[TASK DATA]:

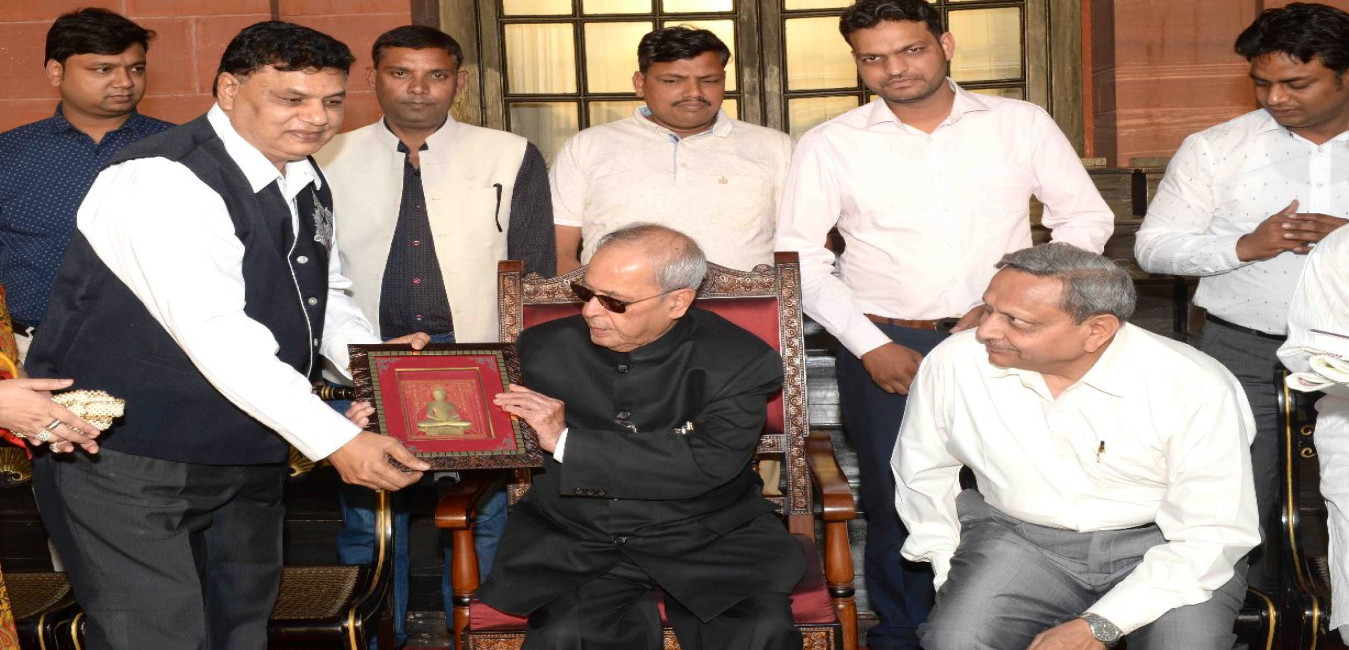 The President of India, Shri Pranab Mukherjee meeting with Shri Pravin Kumar Jain, City Editor, Mahalaxmi Group of Publications along with a delegation, on the occasion of Mahavir Jayanti, at Rashtrapati Bhavan on April 08, 2017.
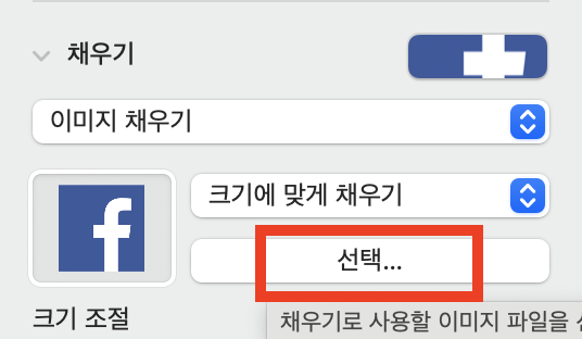 [이미지 채우기]를 클릭한 뒤 [선택]을 클릭하여
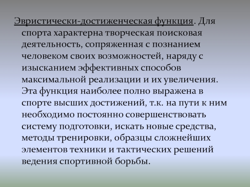 Эвристически-достиженческая функция. Для спорта характерна творческая поисковая деятельность, сопряженная с
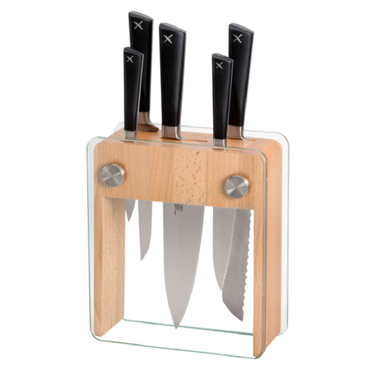 The Mercer Culinary M19105 ZüM® Knife Glass Block Set is a professional-grade 6-piece knife collection designed for commercial foodservice environments. Constructed with high-carbon German steel blades, the set features precision-forged construction for enhanced durability and edge retention. The included 6" wavy edge utility knife is distinguished by its blade design, optimized for versatile cutting tasks. Packaged in a sturdy rubberwood and tempered glass knife block with a heavy base, this set offers an organized, space-efficient solution for culinary professionals requiring reliable, restaurant-ready knives with ergonomic POM handles. It is engineered for high-performance application in busy kitchens, with blades suited for precision cutting and slicing operations.
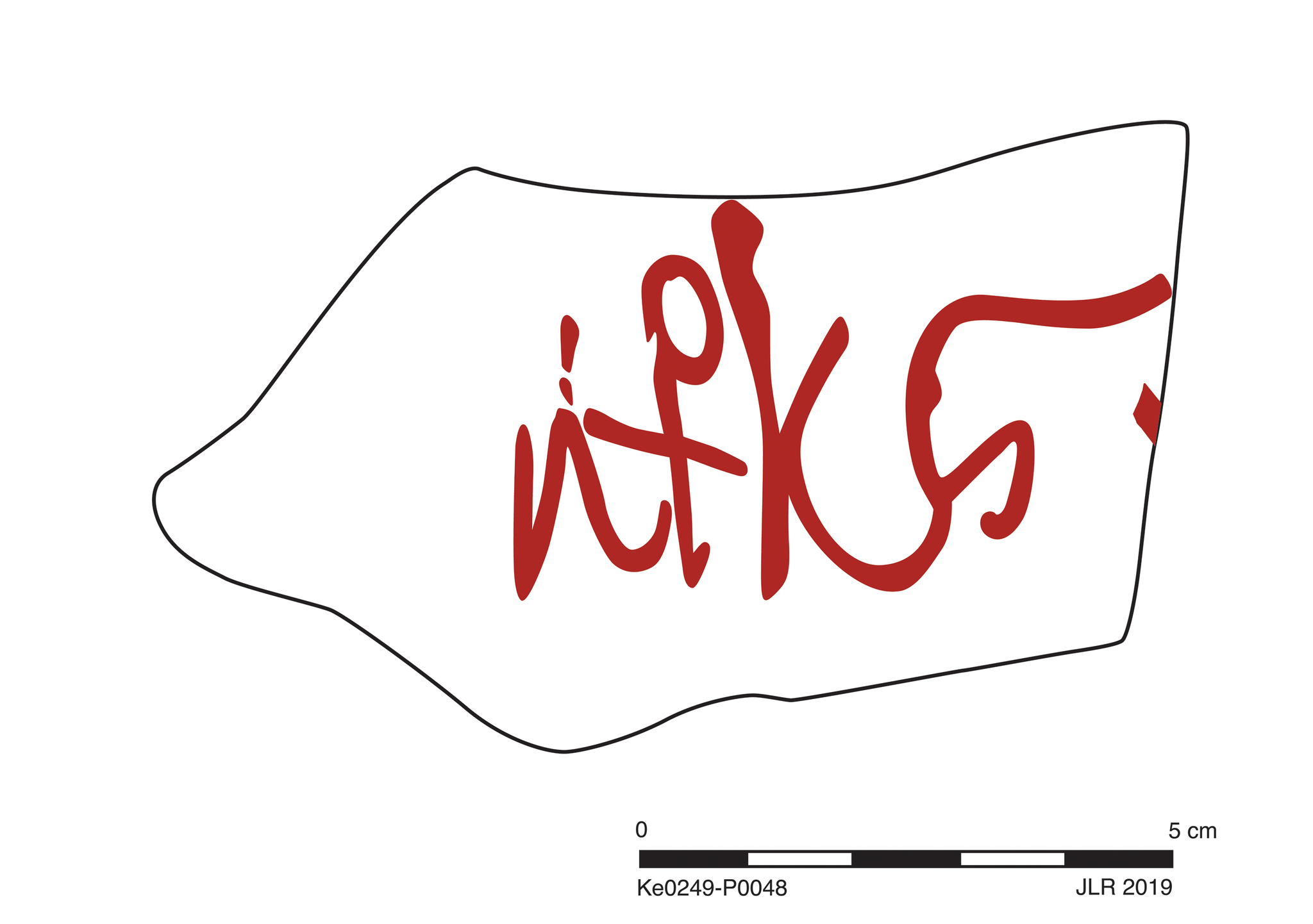 One sherd preserves small part of shoulder with dipinto. Slight, somewhat sparse abrasion; worn breaks; thin strips and bands of encrustation.
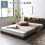 (タイムセール中) ローベッド シングル ベッドフレームのみ ブラウン LED照明コンセント宮棚付き
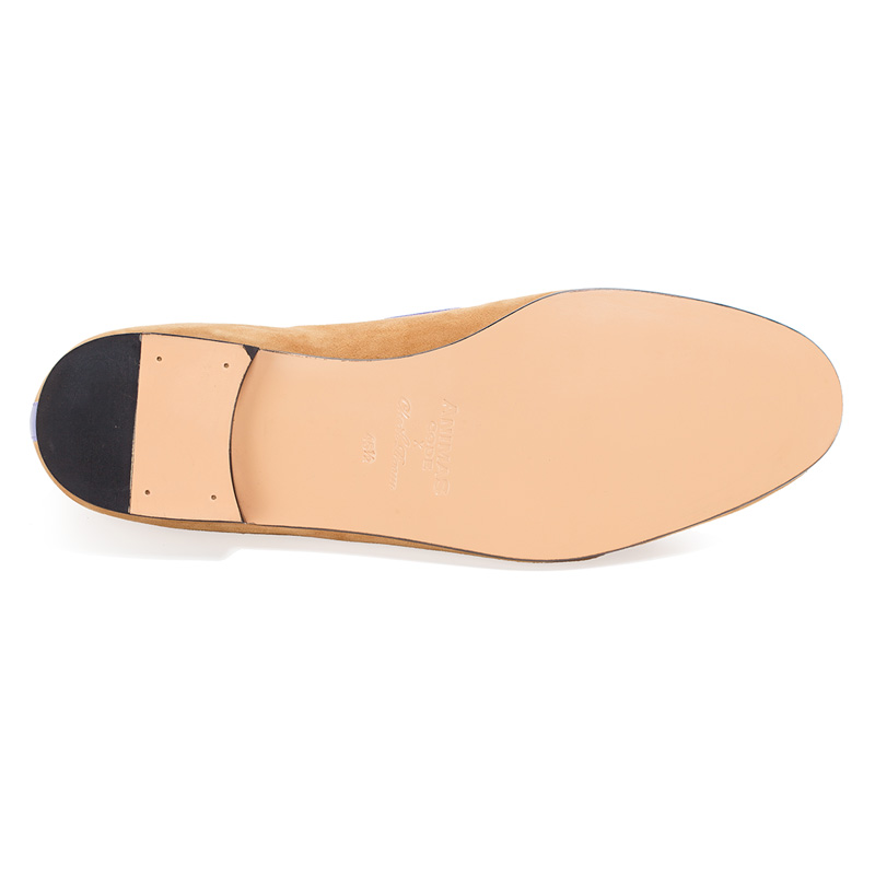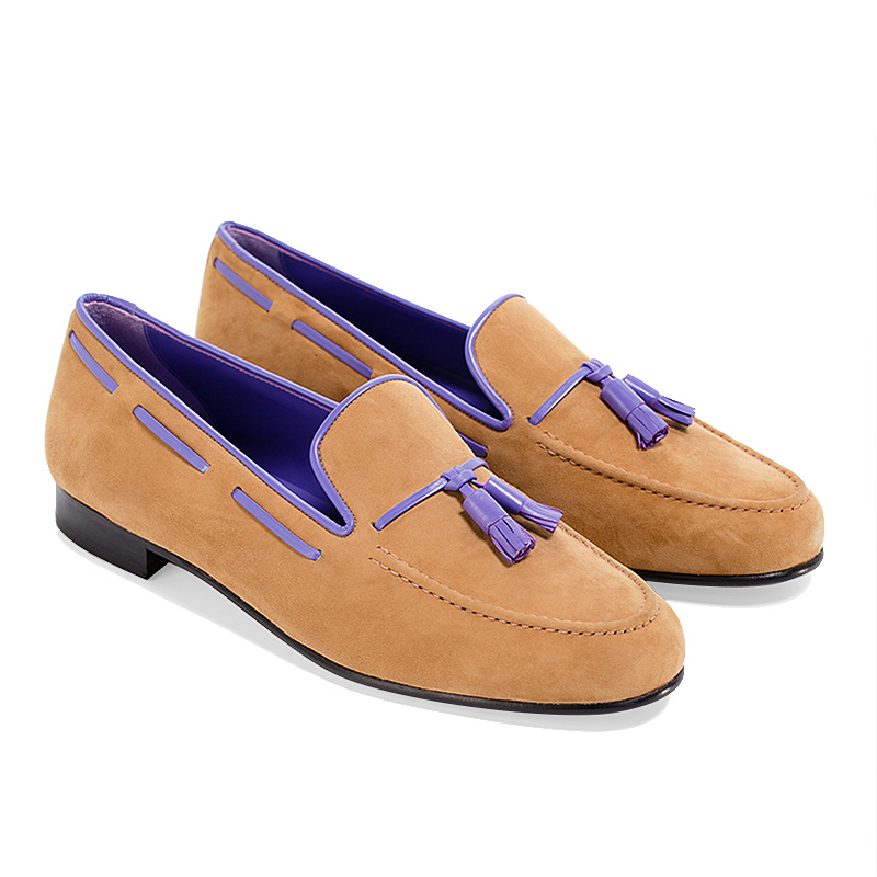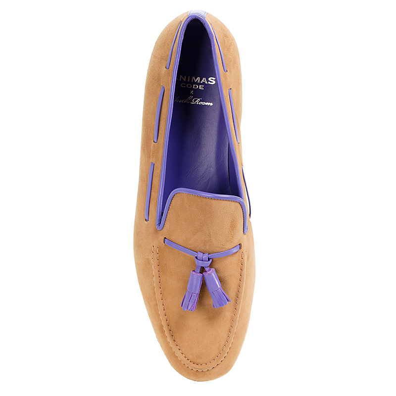 Лоферы Aminas Code X Checkroom на тонкой кожаной подошве кремового цвета. С внешней стороны бархатистая замша песочного оттенка и окантовка из кожи. Внутренняя отделка из тонкой кожи. Фиолетовый кожаный шнурок продет по краям и украшен кисточками на подъёме.

[EXERCISE PROMPT]:
What is needed is every record above, returned exactly, with the pictures omitted.

[COMPLETED EXERCISE]:
 The President of India, Shri Pranab Mukherjee meeting with Shri Pravin Kumar Jain, City Editor, Mahalaxmi Group of Publications along with a delegation, on the occasion of Mahavir Jayanti, at Rashtrapati Bhavan on April 08, 2017.
 [이미지 채우기]를 클릭한 뒤 [선택]을 클릭하여
 Эвристически-достиженческая функция. Для спорта характерна творческая поисковая деятельность, сопряженная с
 The Mercer Culinary M19105 ZüM® Knife Glass Block Set is a professional-grade 6-piece knife collection designed for commercial foodservice environments. Constructed with high-carbon German steel blades, the set features precision-forged construction for enhanced durability and edge retention. The included 6" wavy edge utility knife is distinguished by its blade design, optimized for versatile cutting tasks. Packaged in a sturdy rubberwood and tempered glass knife block with a heavy base, this set offers an organized, space-efficient solution for culinary professionals requiring reliable, restaurant-ready knives with ergonomic POM handles. It is engineered for high-performance application in busy kitchens, with blades suited for precision cutting and slicing operations.
 One sherd preserves small part of shoulder with dipinto. Slight, somewhat sparse abrasion; worn breaks; thin strips and bands of encrustation.
 (タイムセール中) ローベッド シングル ベッドフレームのみ ブラウン LED照明コンセント宮棚付き
 Лоферы Aminas Code X Checkroom на тонкой кожаной подошве кремового цвета. С внешней стороны бархатистая замша песочного оттенка и окантовка из кожи. Внутренняя отделка из тонкой кожи. Фиолетовый кожаный шнурок продет по краям и украшен кисточками на подъёме.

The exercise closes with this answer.